In #1776 the suggestion came up to use Undefined Cartesian SRS instead of NA (as this is how sf and sp always handled it: NA of course doesn't reveal whether coordinates are geographic or Cartesian, but following a long GIS legacy we handled such data as Cartesian for plotting and area and distance computation, units being implicitly those of the coordinates). Using that definition has the problem that

st_crs('LOCAL_CS["Cartesian (Meter)",LOCAL_DATUM["Local Datum",0],UNIT["Meter",1.0],AXIS["X",EAST],AXIS["Y",NORTH]]') == st_crs('LOCAL_CS["Undefined Cartesian SRS"]')
# FALSE

which is obvious: the first has units and axis directions, but this way a that potentially a large number of CRS definitions may come up as valid WKT, be essentially identical but test as different.

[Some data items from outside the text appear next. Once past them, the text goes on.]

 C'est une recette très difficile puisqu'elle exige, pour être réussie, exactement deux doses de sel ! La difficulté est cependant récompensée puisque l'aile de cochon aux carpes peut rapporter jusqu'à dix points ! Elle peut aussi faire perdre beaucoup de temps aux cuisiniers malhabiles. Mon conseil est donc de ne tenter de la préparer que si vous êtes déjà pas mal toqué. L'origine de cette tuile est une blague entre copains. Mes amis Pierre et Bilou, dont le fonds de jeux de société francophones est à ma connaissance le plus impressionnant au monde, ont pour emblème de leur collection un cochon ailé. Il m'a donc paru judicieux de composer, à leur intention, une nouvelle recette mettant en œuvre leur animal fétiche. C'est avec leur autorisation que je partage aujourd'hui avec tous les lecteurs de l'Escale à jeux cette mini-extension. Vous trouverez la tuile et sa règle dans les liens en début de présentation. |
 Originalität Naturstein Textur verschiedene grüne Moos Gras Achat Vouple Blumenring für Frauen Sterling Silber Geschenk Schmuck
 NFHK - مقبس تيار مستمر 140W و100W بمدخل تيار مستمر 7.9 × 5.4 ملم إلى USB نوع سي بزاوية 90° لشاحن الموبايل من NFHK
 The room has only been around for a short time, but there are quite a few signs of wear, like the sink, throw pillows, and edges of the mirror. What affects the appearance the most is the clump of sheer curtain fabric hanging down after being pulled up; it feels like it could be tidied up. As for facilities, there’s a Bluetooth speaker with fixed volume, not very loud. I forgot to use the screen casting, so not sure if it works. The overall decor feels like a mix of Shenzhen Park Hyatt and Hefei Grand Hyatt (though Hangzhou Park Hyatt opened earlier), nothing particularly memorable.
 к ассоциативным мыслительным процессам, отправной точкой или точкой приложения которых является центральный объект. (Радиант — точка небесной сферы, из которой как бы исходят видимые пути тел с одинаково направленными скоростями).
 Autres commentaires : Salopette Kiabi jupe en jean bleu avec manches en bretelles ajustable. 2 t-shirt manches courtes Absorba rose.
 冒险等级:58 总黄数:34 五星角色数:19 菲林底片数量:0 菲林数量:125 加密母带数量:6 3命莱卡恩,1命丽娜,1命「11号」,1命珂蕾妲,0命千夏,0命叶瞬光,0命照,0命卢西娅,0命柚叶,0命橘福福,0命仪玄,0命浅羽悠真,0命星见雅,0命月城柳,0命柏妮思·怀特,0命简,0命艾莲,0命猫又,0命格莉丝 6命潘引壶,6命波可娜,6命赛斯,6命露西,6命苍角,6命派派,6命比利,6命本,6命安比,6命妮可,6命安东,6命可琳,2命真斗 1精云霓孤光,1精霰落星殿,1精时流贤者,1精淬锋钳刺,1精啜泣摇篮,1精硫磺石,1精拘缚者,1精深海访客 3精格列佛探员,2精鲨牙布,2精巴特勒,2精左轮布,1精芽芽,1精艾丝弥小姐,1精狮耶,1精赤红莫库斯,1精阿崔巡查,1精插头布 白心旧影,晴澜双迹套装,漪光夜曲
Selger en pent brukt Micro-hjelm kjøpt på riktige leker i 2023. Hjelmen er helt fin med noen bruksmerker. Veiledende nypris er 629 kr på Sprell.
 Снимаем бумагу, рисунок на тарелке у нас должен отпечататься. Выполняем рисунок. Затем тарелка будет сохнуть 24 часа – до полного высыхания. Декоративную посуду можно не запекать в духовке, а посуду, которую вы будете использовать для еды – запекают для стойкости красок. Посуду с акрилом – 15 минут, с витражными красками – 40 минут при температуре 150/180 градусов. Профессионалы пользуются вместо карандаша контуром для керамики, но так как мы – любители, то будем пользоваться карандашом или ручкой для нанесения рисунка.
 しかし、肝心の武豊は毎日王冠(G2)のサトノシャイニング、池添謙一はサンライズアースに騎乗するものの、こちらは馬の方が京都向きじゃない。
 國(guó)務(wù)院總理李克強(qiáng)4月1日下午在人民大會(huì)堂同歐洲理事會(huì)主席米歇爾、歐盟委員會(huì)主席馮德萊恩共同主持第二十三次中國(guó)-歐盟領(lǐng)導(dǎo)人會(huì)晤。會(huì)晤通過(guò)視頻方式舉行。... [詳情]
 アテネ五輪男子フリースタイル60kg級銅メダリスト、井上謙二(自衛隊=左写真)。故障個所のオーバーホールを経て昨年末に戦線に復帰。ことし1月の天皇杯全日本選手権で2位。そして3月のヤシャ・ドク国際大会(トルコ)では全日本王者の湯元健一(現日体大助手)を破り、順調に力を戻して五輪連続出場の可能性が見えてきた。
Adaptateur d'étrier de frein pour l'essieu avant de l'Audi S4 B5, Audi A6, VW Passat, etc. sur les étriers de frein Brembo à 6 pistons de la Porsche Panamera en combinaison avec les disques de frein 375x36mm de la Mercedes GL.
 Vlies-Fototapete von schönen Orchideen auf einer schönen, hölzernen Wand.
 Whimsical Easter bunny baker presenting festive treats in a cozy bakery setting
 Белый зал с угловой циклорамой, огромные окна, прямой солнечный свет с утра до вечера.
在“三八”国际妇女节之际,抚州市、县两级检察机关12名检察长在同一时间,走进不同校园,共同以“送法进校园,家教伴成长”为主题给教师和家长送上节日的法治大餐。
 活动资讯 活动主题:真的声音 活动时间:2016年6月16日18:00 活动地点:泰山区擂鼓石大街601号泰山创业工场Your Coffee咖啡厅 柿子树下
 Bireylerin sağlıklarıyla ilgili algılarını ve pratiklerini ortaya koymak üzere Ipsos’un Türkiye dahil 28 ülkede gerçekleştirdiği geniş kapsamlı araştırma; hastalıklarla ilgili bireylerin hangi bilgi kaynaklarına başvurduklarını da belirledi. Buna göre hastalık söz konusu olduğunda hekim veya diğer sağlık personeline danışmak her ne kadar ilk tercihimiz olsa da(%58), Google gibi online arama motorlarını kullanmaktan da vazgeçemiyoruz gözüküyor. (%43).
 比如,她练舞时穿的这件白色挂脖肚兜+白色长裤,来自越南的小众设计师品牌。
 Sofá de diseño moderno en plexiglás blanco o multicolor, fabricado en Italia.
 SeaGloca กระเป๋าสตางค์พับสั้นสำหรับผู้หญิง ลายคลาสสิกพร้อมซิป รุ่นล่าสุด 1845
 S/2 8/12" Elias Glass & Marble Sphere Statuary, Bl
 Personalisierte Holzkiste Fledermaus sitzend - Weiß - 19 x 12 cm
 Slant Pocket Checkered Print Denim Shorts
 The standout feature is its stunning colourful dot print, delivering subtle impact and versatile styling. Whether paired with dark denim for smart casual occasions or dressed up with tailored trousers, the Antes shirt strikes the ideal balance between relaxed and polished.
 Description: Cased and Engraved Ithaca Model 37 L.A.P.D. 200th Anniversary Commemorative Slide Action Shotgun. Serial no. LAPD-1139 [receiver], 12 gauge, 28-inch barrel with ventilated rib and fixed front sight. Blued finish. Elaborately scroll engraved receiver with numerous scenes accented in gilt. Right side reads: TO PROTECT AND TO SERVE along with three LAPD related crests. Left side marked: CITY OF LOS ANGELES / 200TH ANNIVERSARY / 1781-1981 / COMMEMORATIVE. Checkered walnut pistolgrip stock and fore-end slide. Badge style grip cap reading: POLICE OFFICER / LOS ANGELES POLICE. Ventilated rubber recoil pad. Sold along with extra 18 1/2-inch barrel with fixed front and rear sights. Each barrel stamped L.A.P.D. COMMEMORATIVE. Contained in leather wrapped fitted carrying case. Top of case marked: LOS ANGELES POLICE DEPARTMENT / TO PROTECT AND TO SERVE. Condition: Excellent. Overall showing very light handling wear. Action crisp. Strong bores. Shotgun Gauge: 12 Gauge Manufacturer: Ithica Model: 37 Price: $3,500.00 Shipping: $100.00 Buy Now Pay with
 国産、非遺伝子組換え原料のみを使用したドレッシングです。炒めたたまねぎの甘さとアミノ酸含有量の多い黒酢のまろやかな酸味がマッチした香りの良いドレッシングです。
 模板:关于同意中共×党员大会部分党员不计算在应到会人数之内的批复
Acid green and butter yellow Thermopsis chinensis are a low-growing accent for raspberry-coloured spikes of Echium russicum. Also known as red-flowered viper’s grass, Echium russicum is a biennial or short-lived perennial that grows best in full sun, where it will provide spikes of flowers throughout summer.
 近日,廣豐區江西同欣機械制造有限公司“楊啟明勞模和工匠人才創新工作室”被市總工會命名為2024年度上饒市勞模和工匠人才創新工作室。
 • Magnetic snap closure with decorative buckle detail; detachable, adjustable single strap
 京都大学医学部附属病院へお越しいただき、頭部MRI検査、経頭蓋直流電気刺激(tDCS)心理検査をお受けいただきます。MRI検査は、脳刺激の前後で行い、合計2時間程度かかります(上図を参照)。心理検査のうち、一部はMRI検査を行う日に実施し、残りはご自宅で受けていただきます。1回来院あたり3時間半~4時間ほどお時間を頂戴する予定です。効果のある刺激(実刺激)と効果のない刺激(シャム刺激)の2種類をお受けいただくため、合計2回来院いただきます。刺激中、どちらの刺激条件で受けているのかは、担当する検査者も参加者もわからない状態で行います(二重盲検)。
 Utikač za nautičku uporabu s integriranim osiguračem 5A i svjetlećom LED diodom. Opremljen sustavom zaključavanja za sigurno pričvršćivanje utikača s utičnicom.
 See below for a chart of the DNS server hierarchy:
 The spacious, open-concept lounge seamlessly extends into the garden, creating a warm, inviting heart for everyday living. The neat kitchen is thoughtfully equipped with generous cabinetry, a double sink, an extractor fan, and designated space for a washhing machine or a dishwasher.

So far we've essentially handled two cases: CRS missing, or CRS given and compatible with any other Earth related CRS. Now new cases come up.

The Undefined Cartesian SRS breaks plotting with ggplot2, as that checks for is.na(crs), which is not TRUE, and then assumes the crs can be transformed (a graticule is drawn in EPSG:4326 and transformed to the data CRS, but this fails on st_transform()). Following @rhijmans suggestion, I added a function st_can_transform() that checks whether two CRS can be transformed into each other; this is now in sf branch can_transform

The question is how to go forward: we need to do one of the following:

I'm also thinking about transformations on datums of other celestial bodies; PROJ seems to be able to do this; we're r-spatial, not r-geo; st_graticule may have to be generalized in this respect. I think we're heading for the second option.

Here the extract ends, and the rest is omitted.